I am not, Eusebius, contending against the advice of Polonius,

"Costly your habit as your purse can buy."

You should, however, remember to whom that advice was given,—to the courtier Laertes, that "man about town" in Denmark.

Your quotation will not, be assured, fit me, and, I suspect, not yourself either, with a new suit. We must play our parts, and dress accordingly. For, as the old courtier adds—

"The apparel oft proclaims the man."

I would have your courtier, who is but a sort of palace furniture, dress to suit, and make perfect the millinery and upholstery about him. You say that the being a good dresser made the fortune of Sir Walter Raleigh, when he threw his costly paletot before the feet of Queen Elizabeth. True; but that trick is not to be played twice. You are more likely to enter the palace like the boy Jones, than through any such Eusebian gallantry. And what should you or I do there? You would make but a sorry Aristippus, wearing your court suit, indeed, "with a difference;" for there is not a tailor that would not mismeasure you in your unsteady postures; and you would make them worse by your uncontrolled laugh at your new position.
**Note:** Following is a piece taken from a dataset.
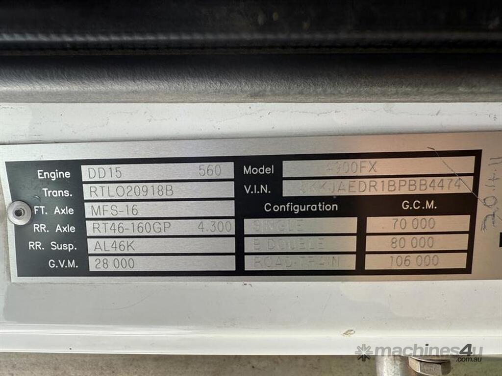 2011 WESTERN STAR 4900FX PRIME MOVER, VIN: 5KKJAEDR1BPBB4474, E/N: 472903R1001721, 1,741,157KM SHOWING, 30,716 HOURS SHOWING, NO REGISTRATION, NO COI. LOCATION: GRACEMERE, QLD 4702. INSPECTIONS & COLLECTIONS: BY APPOINTMENT ONLY. ENQUIRIES: CAMERON BENSLEY ON OR CAMERONEMERALDAUCTIONCENTRE
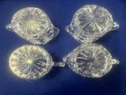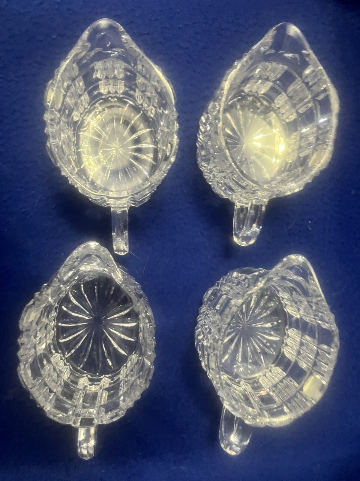 Presenting timeless pieces of elegance: four vintage 24% Lead Crystal Mid Century Modern Creamers, unmarked, featuring a refined oval shape and adorned with a delicate block pattern. Each piece has a gold sticker marked 24% PbO. Each approximately 3.5” in height and 3” long. Use as creamers at individual place settings or to hold cotton or q-tips on vanity or dresser! The sparkle created when light shines through this crystal is just stunning! Perfect for adding a touch of vintage charm to your table or home!

I am no greater sloven than yourself. You have, in fact, therein the advantage of me by a greater laxity. You could not make a Mantalini. But—not to think of that extravagance—let me remind you of a kind of "well-dressed man" whom I have often heard you say you should like to trip up and lodge in a gutter. It is one who is always well-dressed, always the same, whatever the temperature—one whom rain never wets, suns never make to fade, whom dirt will not splash. In summer he never looks hot. Dust will not attach to his boots or to his coat. He walks about, and always alone. He is quite out of the pale and contact of friendship, as if the invisible creatures so admirably described in the "Rape of the Lock" were with invisible brushes ever busying themselves about his male attire. You never see him accost or be accosted by man or woman. His shadow, if he has one, must smooth the dust upon which it falls. There is no wear and tear in him, nor in any thing about him. His voice, if utterance he hath, must be of a poor monotony, of a preservative tone, and without growth. Whence he comes or whither he goes, is an undivulged secret. Does he undress? He is so unchangeable, so ever the same neat, well-dressed, unsoiled, and unsoilable man. He never was in a chrysalis state. He must have been beat out of some tailor's brains with a goose, and come into the world ready dressed, and unborn of woman. However fashion changes, it is all the same, he is never out of it. Like dissolving views, he slides unnoticeably from costume to costume, without one article about him being ever newer or older, and you never can tell where the difference is. Changes must take place, yet in some charmed invisible manner. He is like a man made by the magical words of Pancrates the Memphian out of a broomstick, and set walking about, and as if the Encrates tailor had forgotten the charm to reduce him again; and so he had walked about ever since.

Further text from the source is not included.